High-efficiency transient transfection of endothelial cells for functional analysis.

The definition of signaling pathways in endothelial cells has been hampered by the difficulty of transiently transfecting these cells with high efficiency. This investigation was undertaken to develop an efficient technique for the transfection of endothelial cells for functional analyses. Cells cotransfected with plasmid expressing green fluorescent protein (GFP) and the plasmid of interest were isolated by fluorescence-activated cell sorting (FACS) based on GFP expression. In the sorted cell population, a 2.5-fold enhancement in the number of cells expressing the gene of interest was observed, as confirmed by FACS analysis and Western blotting. Sorted cells retained functional properties, as demonstrated by chemotaxis to the agonist sphingosine 1-phosphate (SPP).

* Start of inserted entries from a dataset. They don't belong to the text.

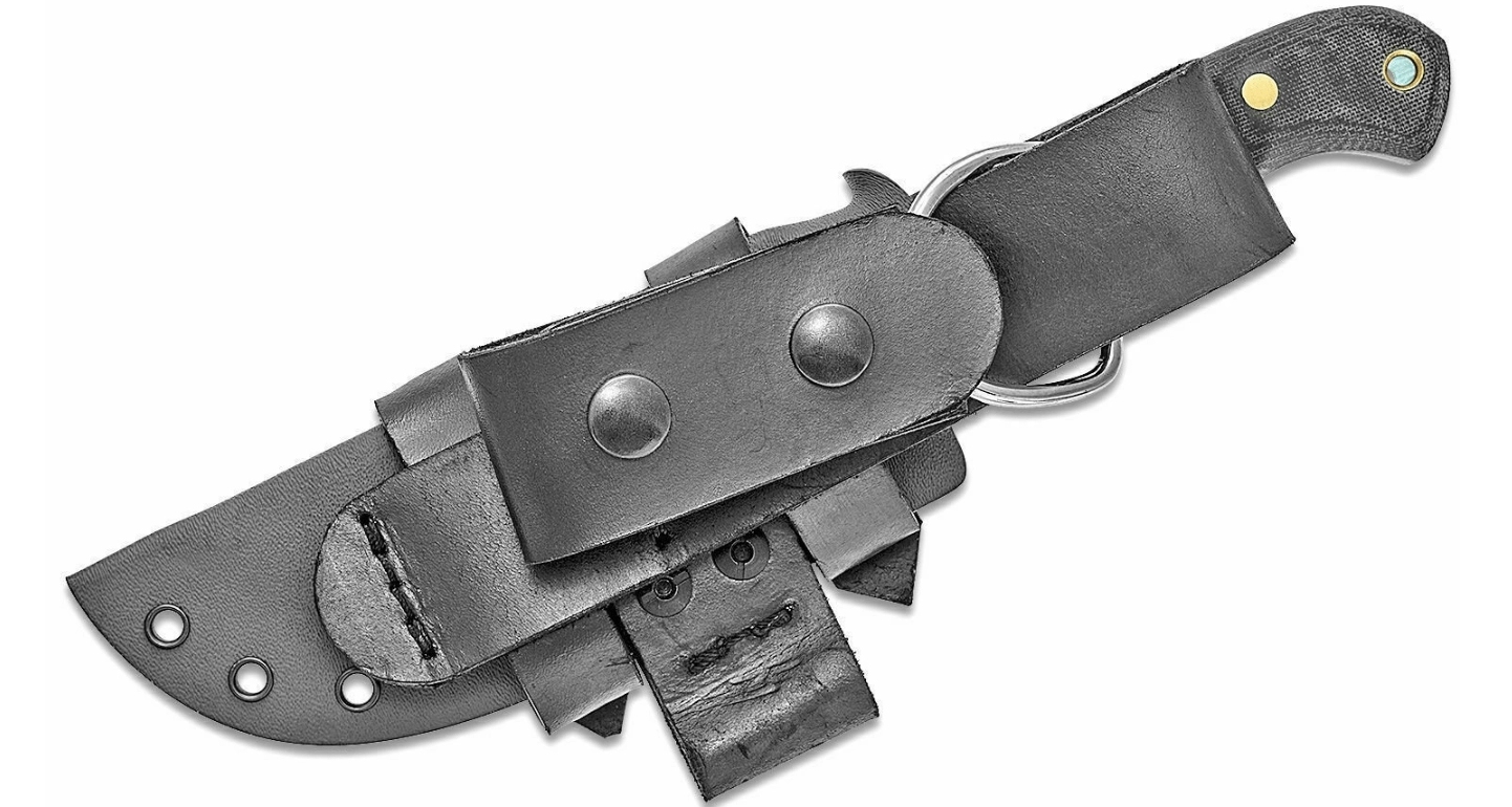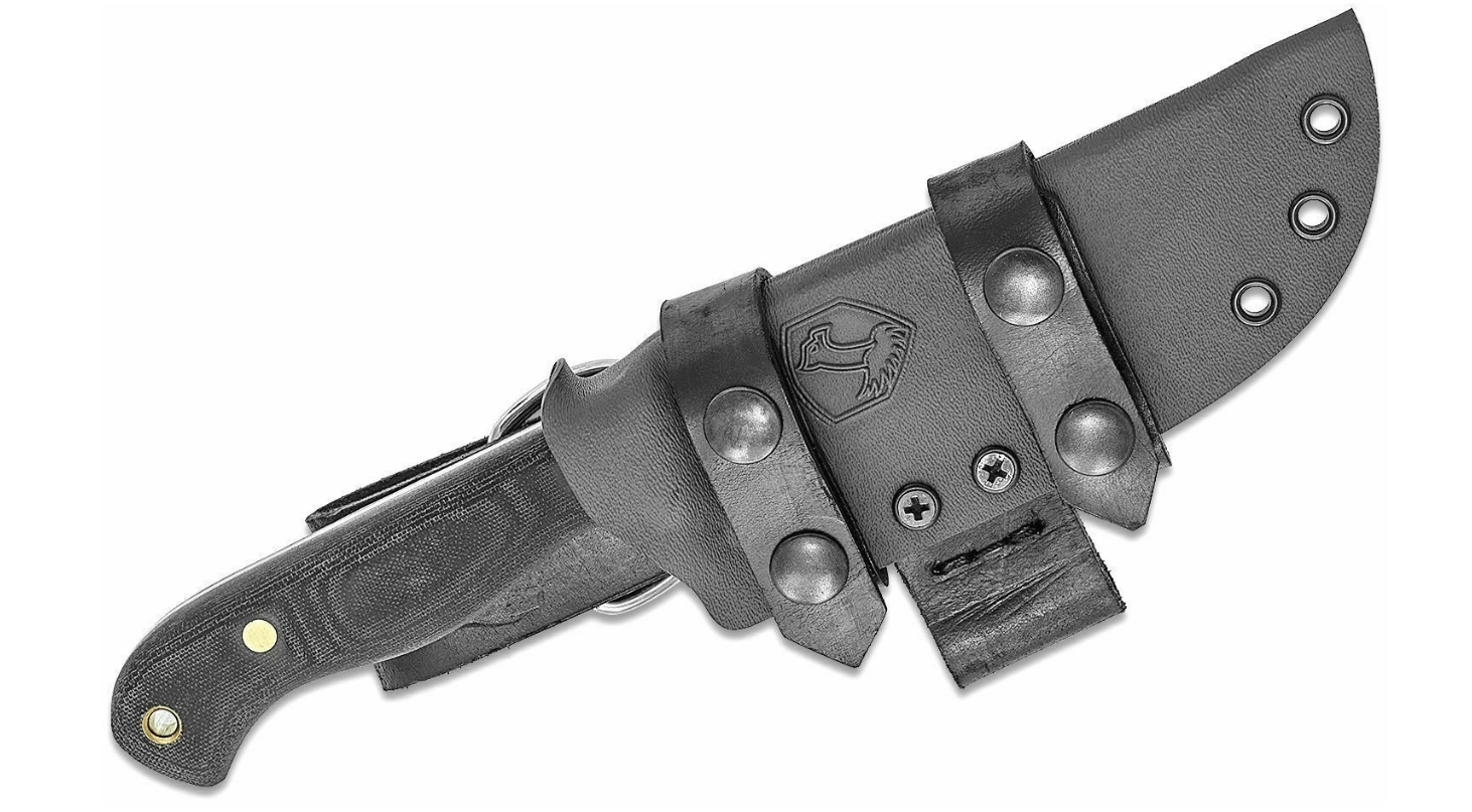 Inclusief een duurzame kydex schede met leren lussen, die meerdere draagwijzen mogelijk maakt – verticaal aan de rechterzijde, horizontaal en na een kleine aanpassing ook aan de linkerkant. Zo is het mes altijd veilig opgeborgen en klaar voor gebruik.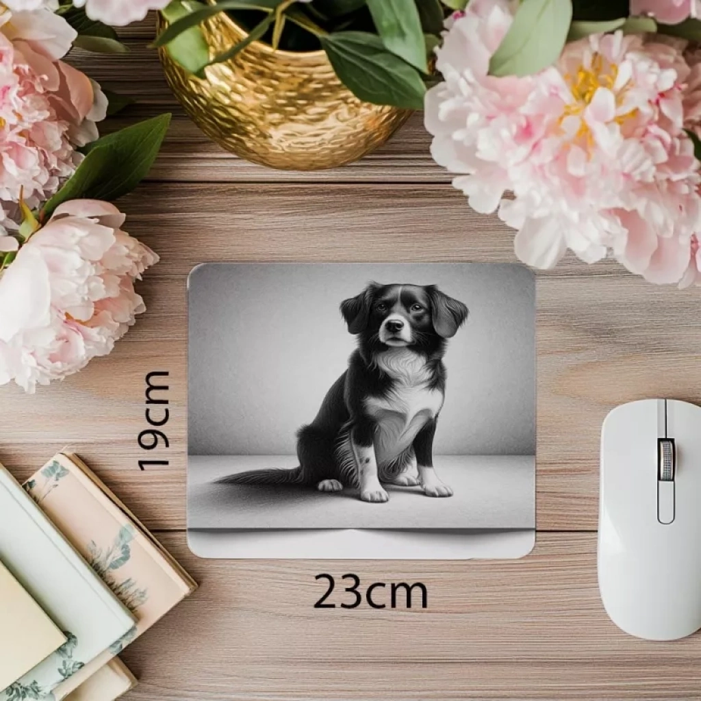 Mat dokulu karakalem köpek tasarımlı mouse pad, yüksek hassasiyetli yüzeyi ve kaymaz alt zemin ile uzun ömürlü ve şık bir deneyim sağlar.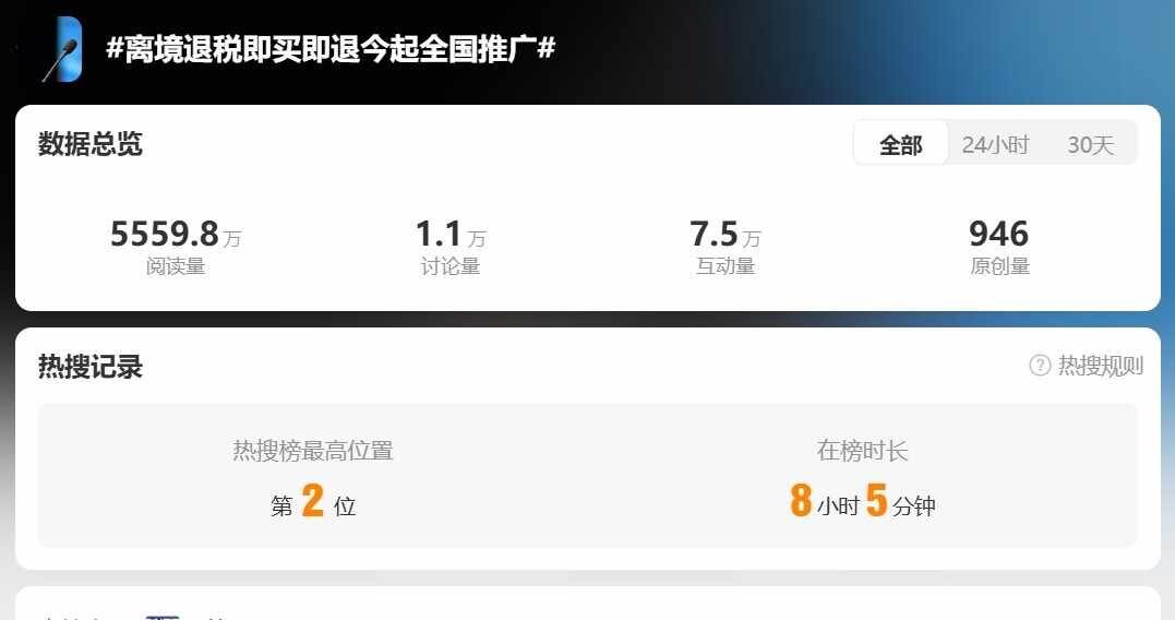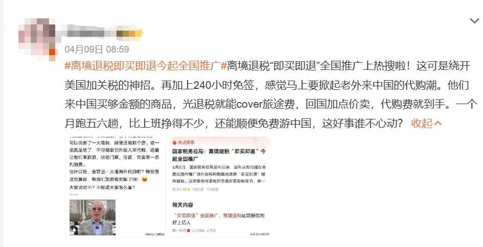 该消息迅速引发网络舆论的广泛关注和讨论。截至4月11日15时,微博话题#离境退税"即买即退"今起全国推广#阅读量达到5500万,相关讨论超1.1万条。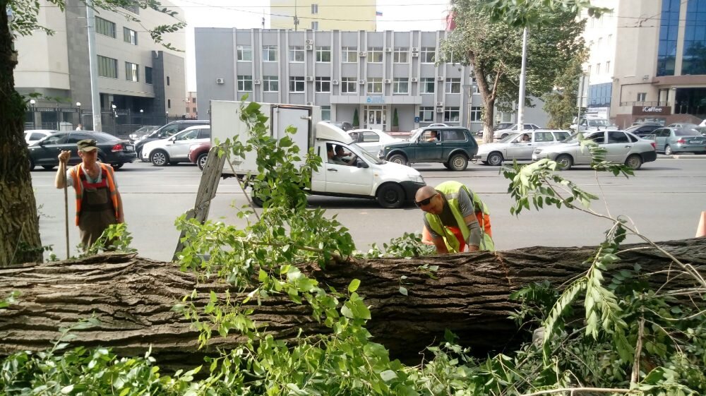 Непогода повалила деревья на улицах, во дворах домов и скверах. В Самаре организована работа по спилу и вывозу аварийных деревьев. Этого потребовала погода. Гроза, прошедшая в ночь на 14 июня, повредила многие зеленые насаждения. Всего в городе пострадало 35 деревьев. Они находились во дворах домов, на улицах, в скверах и вдоль дорог. Первый заместитель главы Самары Владимир Василенко поручил коммунальщикам полностью ликвидировать последствия непогоды. На территориях, где упавшие деревья препятствовали движению транспорта или пешеходов, порядок был наведен в тот же день. Бригады муниципального предприятия «Благоустройство» освободили проезжие части дорог еще до полуночи. Там, где ветви и сучья не особо мешают, все лишнее вывезут в ближайшее время. Сломанные растения предстоит разрубить и транспортировать на полигоны. Начальник по содержанию зеленых насаждений специализированного дорожного участка МП «Благоустройство» Любовь Рыбакина рассказала, что рядом с проезжей частью из-за силь
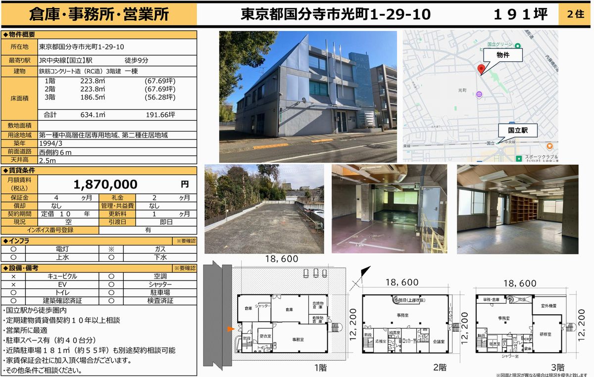 東京都国分寺市光町1-29-10 (国立) 国立 貸倉庫 詳細データ

To demonstrate the usefulness of this method for defining cellular signaling pathways, cells were cotransfected with plasmids encoding GFP and the carboxyl-terminal domain of the beta-adrenergic receptor kinase (beta ARKct), which inhibits signaling through the beta gamma dimer of heterotrimeric G-proteins. SPP-induced chemotaxis in sorted cells coexpressing beta ARKct was inhibited by 80%, demonstrating that chemotaxis was driven by a beta gamma-dependent pathway. However, no significant inhibition was observed in cells transfected with betaARKct but not enriched by sorting. Thus, we have developed a method for enriching transfected cells that allows the elucidation of crucial mechanisms of endothelial cell activation and function. This method should find wide applicability in studies designed to define pathways responsible for regulation of motility and other functions in these dynamic cells.